Characteristics of SARS‐CoV‐2 cases (n = 257) and test‐negative controls (n = 1631) included in the I‐MOVE‐COVID‐19 primary care study, primary analysis (FR, NL and SE), Europe, March–August 2020

Variables Number of SARS‐CoV‐2 cases/total n (%) Number of test‐negative controls/total n (%)
Age groups
0‐19 23/257 (9) 384/1630 (24)
20‐39 61/257 (24) 430/1630 (26)
40‐59 102/257 (40) 475/1630 (29)
60‐79 54/257 (21) 249/1630 (15)
80+ 17/257 (7) 92/1630 (6)
Missing 0 1
Sex
Female 149/256 (58) 994/1627 (61)
Missing 1 4
Days between onset of symptoms and swabbing
0 11/257 (4) 80/1631 (5)
1 32/257 (12) 223/1631 (14)
2‐3 89/257 (35) 622/1631 (38)
4‐6 88/257 (34) 531/1631 (33)
7 37/257 (14) 175/1631 (11)
Seasonal influenza vaccination, 2019‐20 68/226 (30) 365/1488 (25)
Missing 31 143
≥1 chronic condition a 57/256 (22) 321/1623 (20)
Missing 1 8
Study site
France 56/257 (22) 487/1631 (30)
The Netherlands 45/257 (18) 225/1631 (21)
Sweden 156/257 (61) 809/1631 (50)

Abbreviations: FR, France; NL, The Netherlands; SE, Sweden.

a

Out of diabetes, lung disease, immunological disease and heart disease.

The proportion of controls vaccinated with the 2019‐20 influenza vaccination was 25%, compared to 30% of cases.
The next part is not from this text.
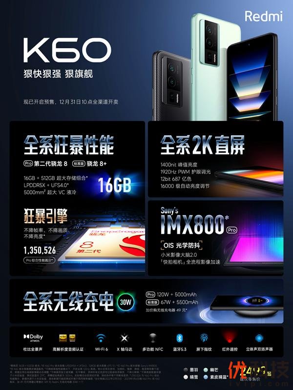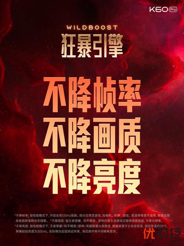 Redmi K60 Pro定位「旗舰性能之王」,搭载第二代骁龙8移动平台,在自研「狂暴引擎」加持之下,实现四大TOP游戏“三不降”:不降亮度、不降画质、不降帧率,并且拥有Redmi史上最大的5000mm² VC,游戏体验超越电竞旗舰;搭载与华星光电共研共创的首款旗舰2K直屏,顶级的硬件素质刷新国产屏新高度;获得小米影像能力下放,采用小米13同款IMX800主摄,堪称K系列最强影像;5000mAh+120W有线闪充+30W无线充电,是首款支持无线充电的Redmi旗舰手机。

Overall, there was 9% of missing data for 2019‐20 influenza vaccination. 2019‐20 influenza vaccination date was known among 325 of 433 vaccinated patients (75%). The median delay between 2019‐20 influenza vaccination and onset of symptoms was 133 days among controls (interquartile range [IQR]: 109.5‐157.5) and 135 days among cases (IQR: 114‐158).
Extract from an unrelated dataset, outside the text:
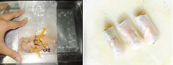 Trải bánh đa nem ra mặt phẳng, cho nhân nem vào giữa bánh đa nem, chiều dài khoảng bằng 1/3 chiều dài bánh đa nem, gập mép 2 đầu rồi cuộn kín bánh đa nem lại là hoàn thành một chiếc nem.

Before restricting to those swabbed within seven days of symptom onset and where delay between onset of symptoms and swabbing was known (3418/3658), the median swab delay was 5 days among cases (IQR: 3‐8) and 7 days among controls (IQR: 3‐17).
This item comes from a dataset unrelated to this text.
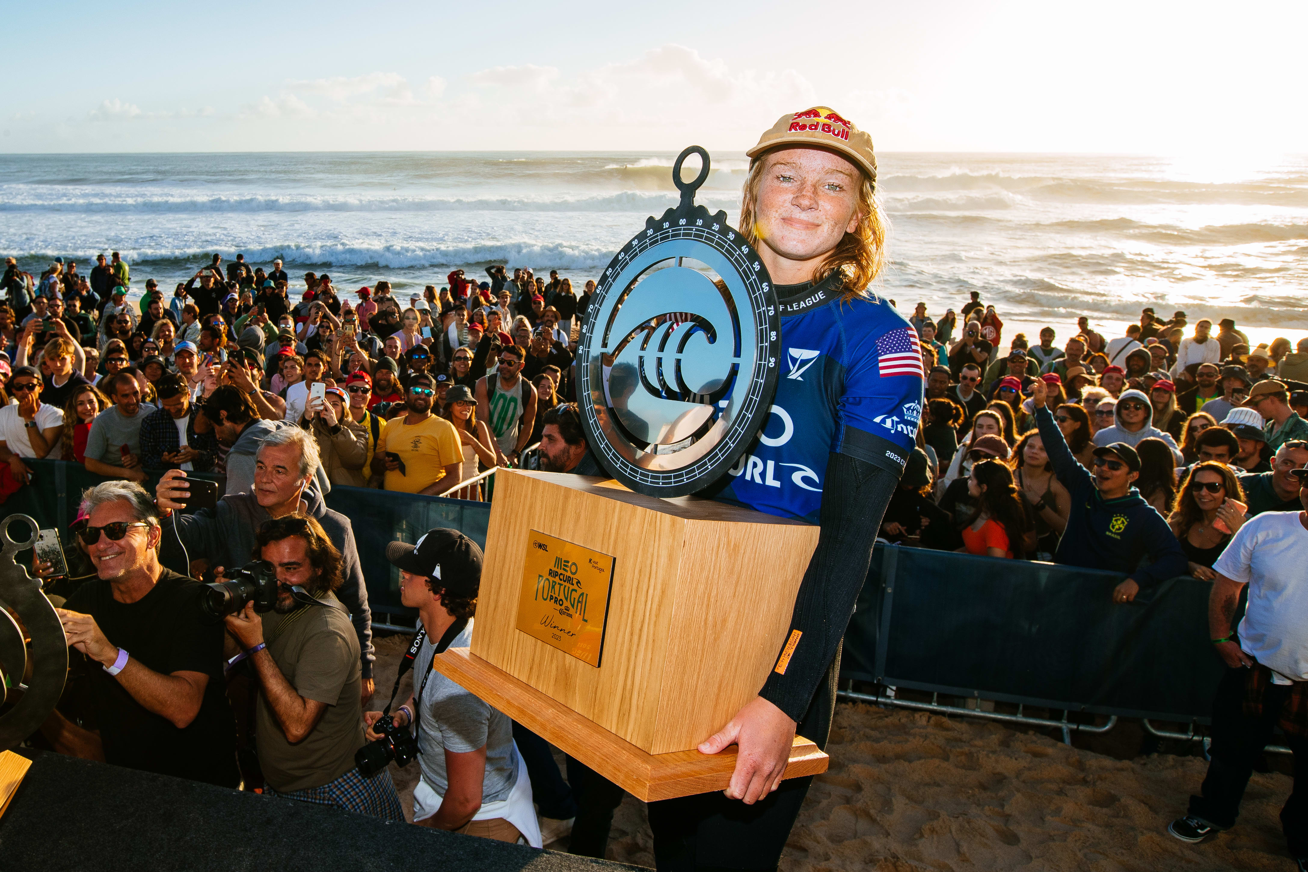 Californian Caity Simmers hoisted her first WSL CT trophy in Portugal

The unadjusted OR of the 2019‐20 influenza vaccination among COVID‐19 cases and controls was 1.32 (95% CI: 0.97‐1.80). The aOR was 0.93 (95% CI: 0.66‐1.32), with age as the strongest confounder (highest changes in OR when including age) (Table 2).

TABLE 2.

Pooled odds ratio of 2019‐20 influenza vaccination among COVID‐19 cases and controls, overall and by age groups, sex and different delays between onset of symptoms and swabbing, complete case analysis. I‐MOVE‐COVID‐19 primary care study, primary analysis (FR, NL and SE), Europe, March‐August 2020

Age group Population/analysis type a N Cases;vac/Controls; vacc OR CI
All ages Crude b 1701 225;68/1476;361 1.32 0.97‐1.80
Adjusted by time 1701 225;68/1476;361 1.24 0.91‐1.71
Adjusted by time and age 1701 225;68/1476;361 0.90 0.63‐1.27
Adjusted by time, age and chronic condition 1701 225;68/1476;361 0.91 0.64‐1.28
Fully adjusted 1701 225;68/1476;361 0.93 0.66‐1.32
20‐59 y 950 143;32/807;170 0.92 0.58‐1.46
60+ y 367 61;35/306;178 0.92 0.51‐1.67
All ages Males 662 93;21/569;109 0.70 0.37‐1.31
All ages Females 1039 132;47/907;252 1.09 0.71‐1.67
Sensitivity analyses
All ages Symptoms ≤5 d before swab 1194 148;45/1046;252 0.92 0.60‐1.42
Symptoms ≤7 d before swab (primary analysis) 1701 225;68/1476;361 0.93 0.66‐1.32
Symptoms ≤10 d before swab 1975 268;78/1707;398 0.98 0.71‐1.36
Any number of days between symptoms and onset 3182 329;87/2853;613 1.05 0.78‐1.42

Abbreviations: CI, confidence intervals; FR, France; NL, The Netherlands; OR, odds ratio; SE, Sweden.

a

OR adjusted by study site, time, age, sex and chronic condition unless otherwise stated.

b

All estimates adjusted by study site, as part of the study design.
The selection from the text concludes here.